Abstract
1430
Objectives: Accurate lesion segmentation in PET is required for quantification of volumetric and radiomic features from oncological PET images. There is an important need to clinically evaluate different segmentation methods. However, this is is challenging as true segmentations are typically unavailable. Current evaluation approaches use reference-based metrics that measure similarities such as spatial overlap between estimated and manual segmentations, where the latter is considered as a surrogate ground truth. These reference-based metrics are not designed to evaluate performance on the task of quantifying features from images [1]. Further, manual segmentations themselves are known to suffer from inter and intra-reader variability and may be erroneous due to partial volume effects. No-gold-standard evaluation (NGSE) techniques provide a mechanism to address these dual issues [1-4]. The technique evaluates quantitative imaging methods based on how precisely they measure the true quantitative value without a gold standard.
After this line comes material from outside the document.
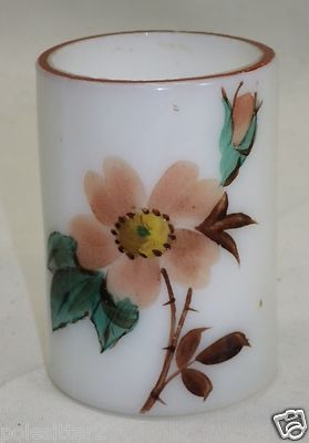 Title (ebay affiliate link): Antique Victorian Hand Painted Wild Roses Bristol Milk Glass Toothpick Holder

We aim to compare the clinical evaluation of different segmentation methods on two oncological PET datasets with both reference-based metrics and NGSE technique.
Methods: Dataset 1 consisted of 69 oropharynx lesions [5]. Four segmentation methods were evaluated: (1) Generative adversarial network plus active contour (GAN-AC) [6], (2) GAN [7-8] (3) V-net [9] and (4) expert-defined manual segmentation. Dataset 2 consisted of 147 lymphoma lesions. We evaluated: (1) PET gradient-based method (PETedge) (2,3) Fixed thresholding of 25% and 41% SUVmax, and (4) expert-defined manual segmentation. For evaluation, we first computed reference-based metrics of Dice similarity coefficient (DSC), Jaccard similarity coefficient (JSC) and Hausdorff distance (HD) using manual segmentations as surrogate ground truth. We next evaluated the methods, including manual segmentation, with the NGSE technique on the task of computing SUVmean, metabolic tumor volume (MTV) and total lesion glycolysis (TLG). The NGSE technique made a linearity assumption between true and measured quantitative values, and estimates the slope, bias, and noise standard deviation terms that parameterize this relationship without knowledge of the ground truth. The noise-to-slope ratio (NSR) is then used to evaluate precision of different methods, with lower values being better.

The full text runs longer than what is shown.